Australia’s privacy watchdog is set to be more selective in the individual privacy complaints it investigates, shifting its focus instead to broader issues and deterrence activities.
Commissioner Carly Kind unveiled the shift in a blog post late yesterday, saying the Office of the Australian Information Commissioner (OAIC) would “take a robust approach to assessing the validity of individual privacy complaints, and deciding which privacy complaints warrant an investigation.”
“We believe a more proactive enforcement focus on systemic harms and market practices will make a real difference, but in order to carve out the time, resources and capability to make such a shift we need to apply more robust thresholds to our individual privacy complaint handling practices,” Kind wrote.

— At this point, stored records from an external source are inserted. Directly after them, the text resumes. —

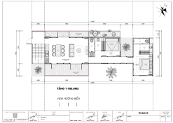Tầng 1 được thiết kế là không gian sinh hoạt chính với phòng khách kết hợp bếp rộng rãi, tạo sự kết nối liền mạch và thoáng đãng. Đây là khu vực trung tâm, nơi diễn ra các hoạt động sinh hoạt gia đình và tiếp khách.
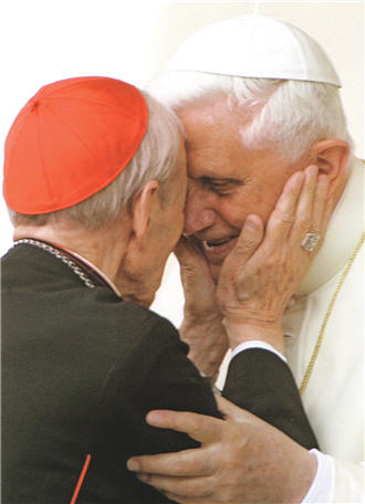 C'est en tout cas ce que constate avec lucidité le cardinal archevêque émérite de Ravenne Ersiglio Tonini. Qui conclut son analyse par ces très belles paroles sur son ami Benoît XVI: "C'est un homme incroyable de naturel, d'une exceptionnelle sérénité et gentillesse. Vous pouvez le voir à la manière dont il regarde les gens. Il montre tout dans ses yeux, et en le regardant, on se sent enveloppé de gentillesse. Et pourtant, il ne fait pas étalage de sa richesse intérieure, qu'il garde au fond de lui". (source: Papa Ratzinger Forum) ------------------------- Qu'on en juge, sur ces images: (voir aussi ici: Le sourire du Pape )
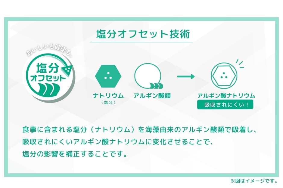 当社が独自に開発したこの「塩分オフセット技術」は、海藻由来の食物繊維アルギン酸類を用い、食事中の塩分(ナトリウム)を胃の中で吸着し、吸収しにくい形に変えて、最終的に便として排出するという新しいメカニズムに基づいています。これにより、味を変えることなく、実質的に“減塩”の効果を得ることが可能です。またカリウム制限のある方にも安心してご使用頂くことができます。
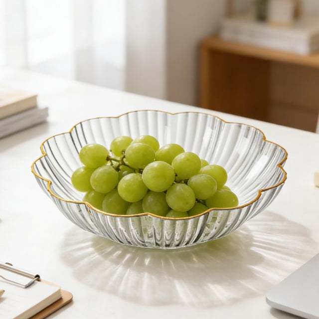 Luxurious Crystal Fruit Bowl for Coffee Table - Stackable Snack Plates with Gold Trim for Living Room Decor
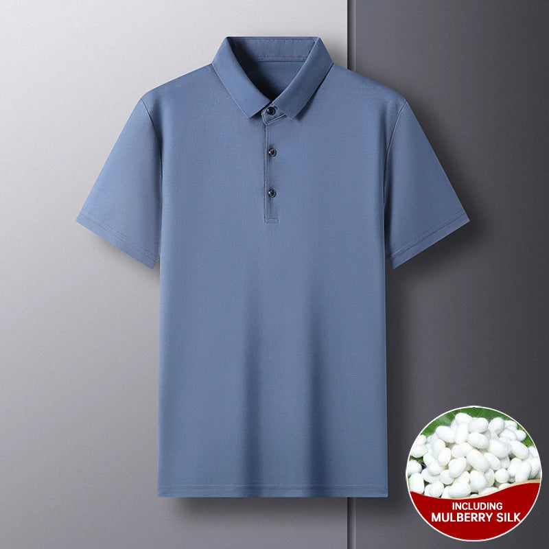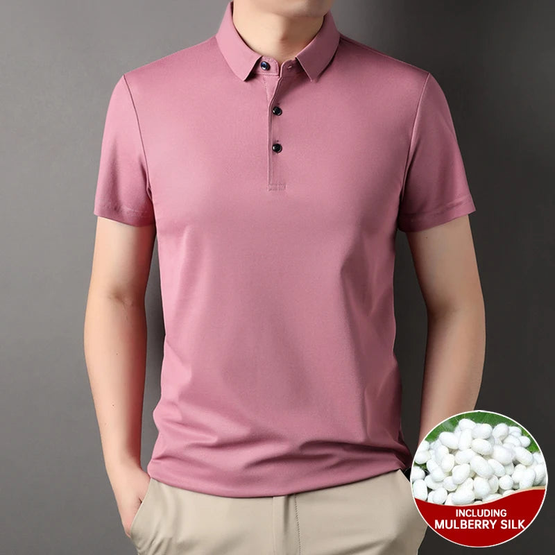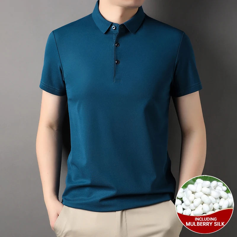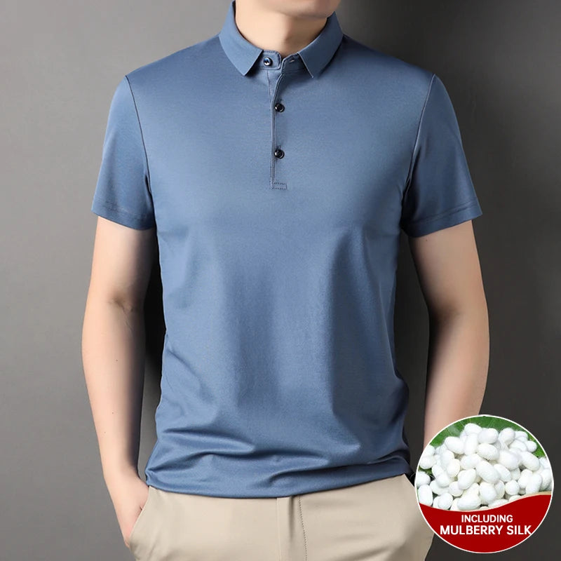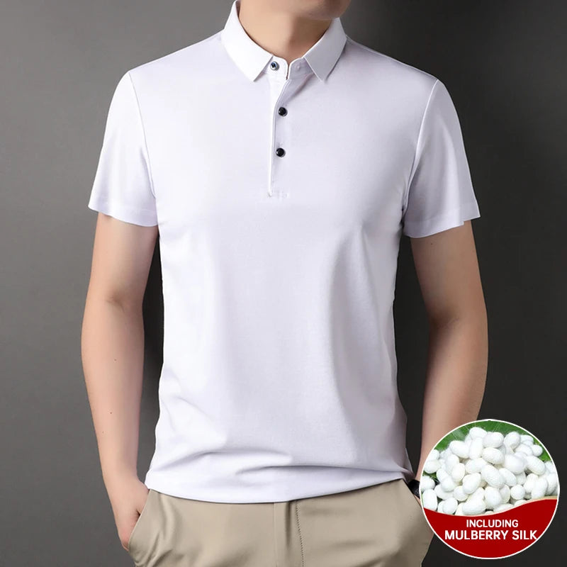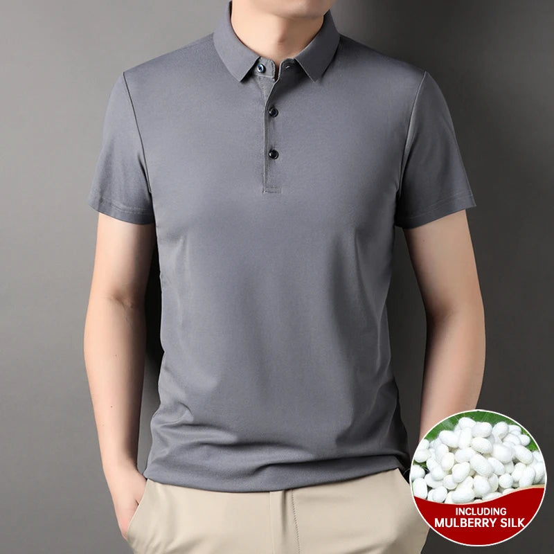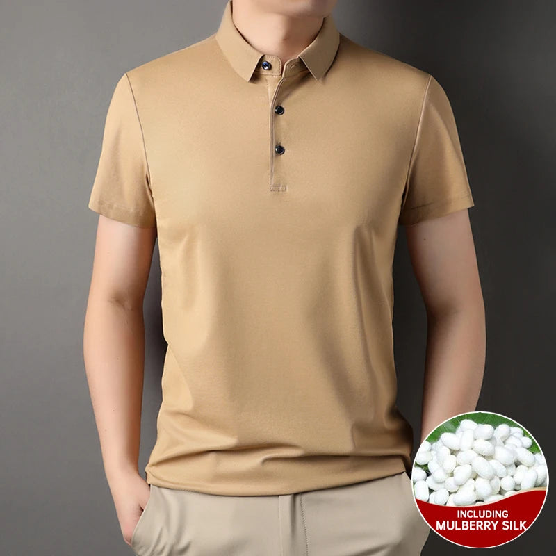 Top Grade 4.7% Mulberry Silk New Summer Brand Luxury Brand Polo Men Shirt Short Sleeve Plain Casual Tops Fashions Men Clothes

“We want to speed up the time it takes us to deal with privacy complaints, and ensure that the OAIC’s resources are being applied proportionately to address serious and valid privacy complaints.
“Our efforts will be increasingly directed to resolving matters in a way that will result in meaningful change.”

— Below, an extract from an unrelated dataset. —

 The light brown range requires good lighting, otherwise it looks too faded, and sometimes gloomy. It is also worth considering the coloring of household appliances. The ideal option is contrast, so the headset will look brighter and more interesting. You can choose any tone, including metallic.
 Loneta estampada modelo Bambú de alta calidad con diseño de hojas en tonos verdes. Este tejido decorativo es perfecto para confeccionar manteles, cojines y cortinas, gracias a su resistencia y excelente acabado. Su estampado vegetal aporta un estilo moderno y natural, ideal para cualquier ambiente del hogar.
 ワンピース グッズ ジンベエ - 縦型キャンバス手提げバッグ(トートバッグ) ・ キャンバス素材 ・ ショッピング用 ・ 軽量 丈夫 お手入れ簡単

Kind indicated that types of privacy complaints more likely to be investigated are those with broader implications for Australian privacy laws.
“Some individual privacy complaints, while they may establish breaches of the Privacy Act, may not warrant investigation in all of the circumstances, particularly when they arise amidst other issues or proceedings, or where they don’t meet a threshold of seriousness that warrants the proportionate investment of our resources,” Kind wrote.
Kind said the current individual privacy complaint backlog at the OAIC is “significant”.
“As at February 2026, it is unlikely that we will be able to substantially progress new validly lodged individual privacy complaints for some six to 12 months after they are lodged (unless we determine there are exceptional circumstances which may warrant expeditious consideration),” she wrote.
The OAIC’s annual report shows it received 3295 privacy complaints in 2024-25, roughly the same as the prior year.